According to his petition, William Roy Miller was convicted on six counts for forgery and passing forged instruments, and during the same term of court was sentenced three times. On January 14, 1939, he was sentenced to serve in the penitentiary two terms of five years each on counts 1 and 2, not to run concurrently, and a term of five years on the remaining counts to run concurrently with the sentences on counts 1 and 2. On January 20th the sentence was reconsidered and "changed" to four years on each count, not to run concurrently. On January 28th Miller was brought into court on his petition for habeas corpus filed on grounds not stated, he not yet having been taken to the penitentiary. On January 30th, Miller being present and represented by counsel, a sentence was pronounced which recited that Miller had applied to have the sentence of January 14th reduced, and "had agreed to accept a sentence of three years and six months on the first count and five years on the second count, not to run concurrently, and five years on the remaining counts to run concurrently with the sentences on counts One and Two; and thereupon he was sentenced accordingly." The present application, made by Miller from the penitentiary, asks the court to hold the sentence of January 30th void, and that of January 20th valid, but the part of it which makes the six sentences of four years to run concurrently to be invalid, and to enter an order vacating the sentence of January 30th, and striking out the invalid portion of the sentence of January 20th. The court dismissed this application for want of jurisdiction, the term of sentence having passed.
In Buie v. United States, 5 Cir., 127 F.2d 367, we upheld the power of a criminal court, after the term of court had expired and after the sentence had gone into effect, to correct its record to show truly what sentence was really pronounced. This of course involves no change in the sentence, but only in the recorded evidence of it. In Meyers v. U.S., 5 Cir., 116 F.2d 601, 602, we held the court to have jurisdiction after the term of sentence and after the sentence was in course of execution to enquire on the prisoner's petition whether the sentence was in excess of law, and if so to expunge it from the record and pronounce a legal sentence. The practice is also sanctioned in Holiday v. Johnston, 313 U.S. 342, 550, 61 S.Ct. 1015, 85 L.Ed. 1392. So here, if the last sentence is void as contended, because that of January 20th has not been rescinded, and if the part of the sentence of January 20th which makes six four-year sentences to run consecutively is void because unlawfully increasing the punishment first imposed on January 14th, there is jurisdiction to enquire into these invalidities and to make the record consistent and clear as to what punishment is to be served. There must therefore be a technical reversal that the matter may be heard.

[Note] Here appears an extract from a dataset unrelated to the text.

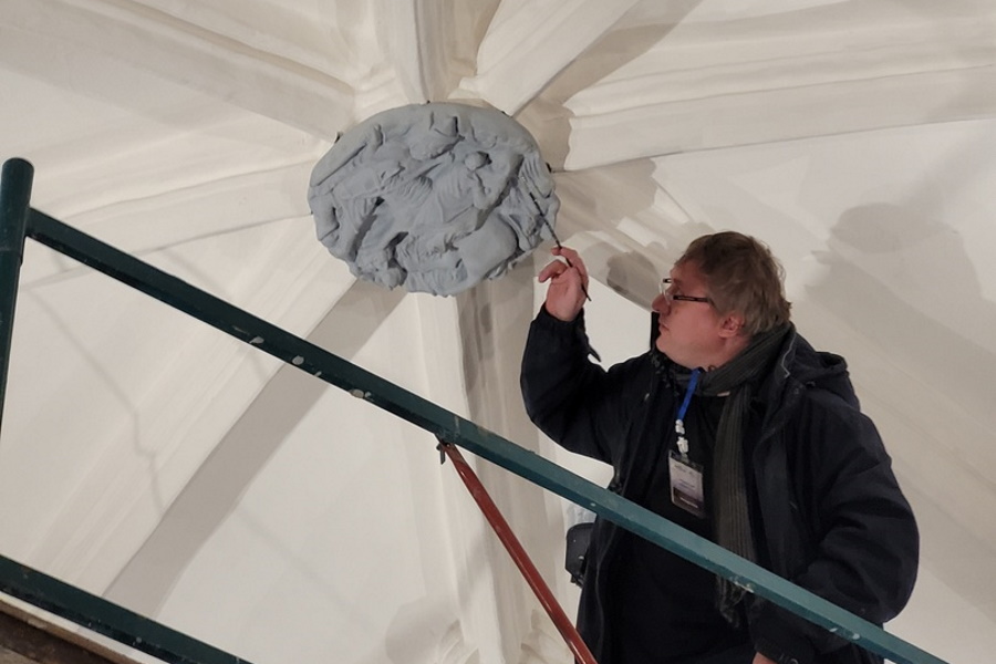 Готовый барельеф из усиленного гипса, по словам Юшенкова, весит примерно 16-17 кг. Во время монтажа он присутствовал на месте, чтобы проконтролировать процесс. Результат уже могут оценить посетители замка.

On the hearing, if it be true that the first sentence, which in its effect required a total imprisonment of ten years, was changed a week later without the prisoner's consent by the second sentence so as to require service for twenty-four years, the change would appear to be illegal. We surmise that was the ground of the petition for habeas corpus, and that it was considered probably a good ground, for there resulted a second change in the original sentence so as to require total service of eight and a half years only, which was a reduction as compared with both the other sentences; and it is recited this was consented to. Of course the sentence of January 20th ought to have been expressly set aside, and if we have the facts right, it ought to be now expunged from the record. It seems that this was what was really meant to be done though the last sentence says nothing about this one. The first sentence does not have to be expressly set aside, because it is referred to and by clear implication superseded by the third sentence.
A point is also argued that the third sentence concludes with these words: "Said sentences to begin and date from January 14, 1939," and that this makes all the terms concurrent, so that only five years in all is to be served; or at least there is an uncertainty or ambiguity that must be resolved in favor of liberty. We think the reasonable construction is that the sentences on counts 1 and 2 are consecutive as is expressly stated; and the sentences which are to begin and date from January 14th, which was the date of the original sentence, are the sentence on the first count and that on the third, fourth, fifth and sixth counts. This construction gives effect to all the provisions and nullifies none. The judgment of dismissal is reversed and the cause remanded for further proceedings.